• Problem to solve: Please set out each line below exactly as it stands, without the images.

• Source data:
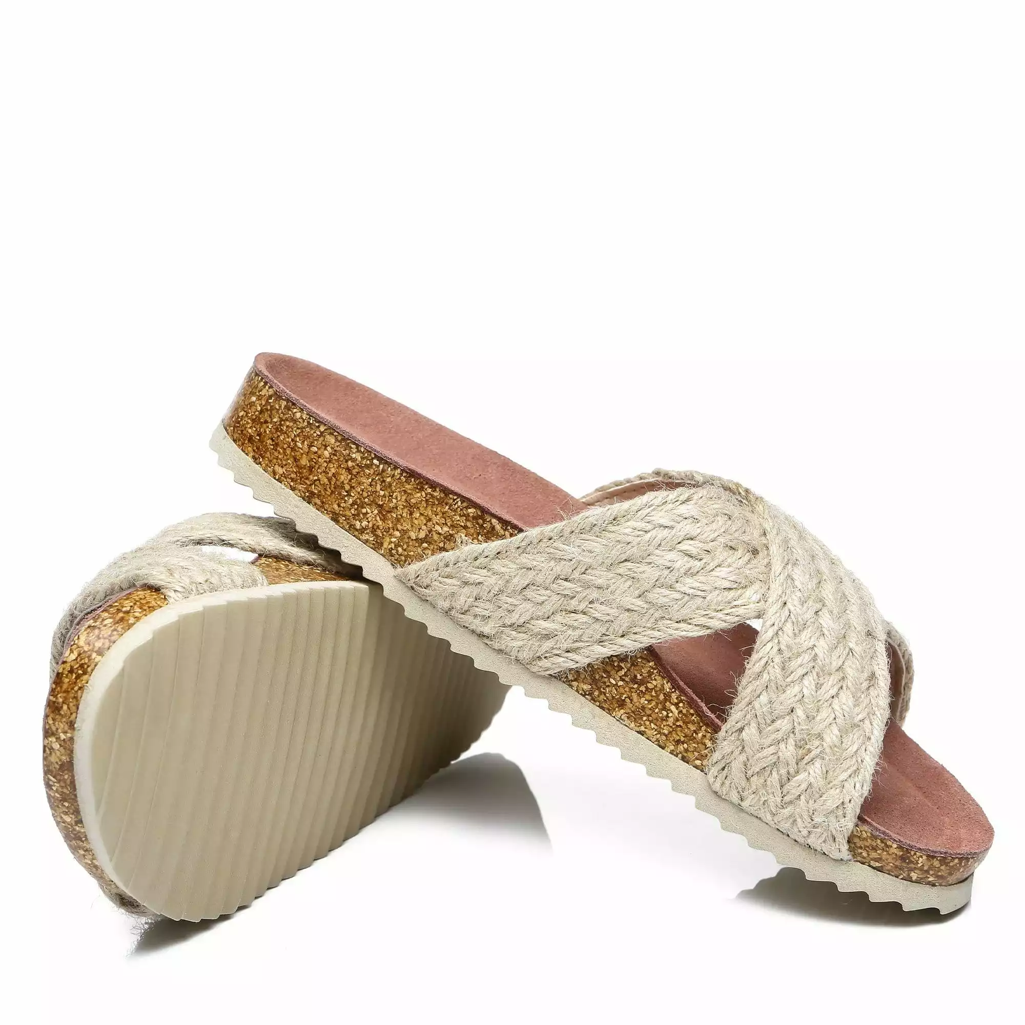 - Cushioned cork sole trimmed with EVA base and suede top
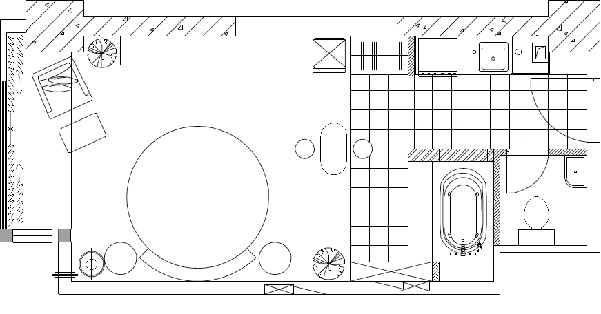 〇 第二版的設(shè)計,以常規(guī)雙人床代替了特色圓床,并增加了紗簾,給人以若隱若現(xiàn)而又浪漫的感受。
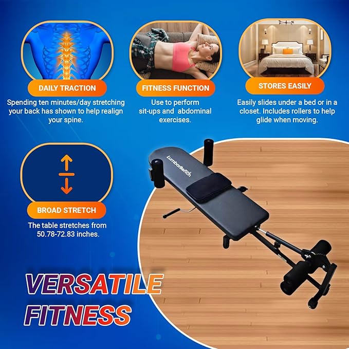 - DAILY TRACTION: Spending ten minutes/day stretching your back has shown to help realign your spine, increase blood circulation, and achieve lumbar relief while reducing the pressure caused by a compressed spine. Spinal Traction can help reestablish a normal physiological curvature of the lumbar spine, especially suitable for those who are hunchback and lumbar spine rehabilitation. This traction method also pulls traction on the ankle, knee, and hip.

• Result of the task:
 - Cushioned cork sole trimmed with EVA base and suede top
 〇 第二版的設(shè)計,以常規(guī)雙人床代替了特色圓床,并增加了紗簾,給人以若隱若現(xiàn)而又浪漫的感受。
 - DAILY TRACTION: Spending ten minutes/day stretching your back has shown to help realign your spine, increase blood circulation, and achieve lumbar relief while reducing the pressure caused by a compressed spine. Spinal Traction can help reestablish a normal physiological curvature of the lumbar spine, especially suitable for those who are hunchback and lumbar spine rehabilitation. This traction method also pulls traction on the ankle, knee, and hip.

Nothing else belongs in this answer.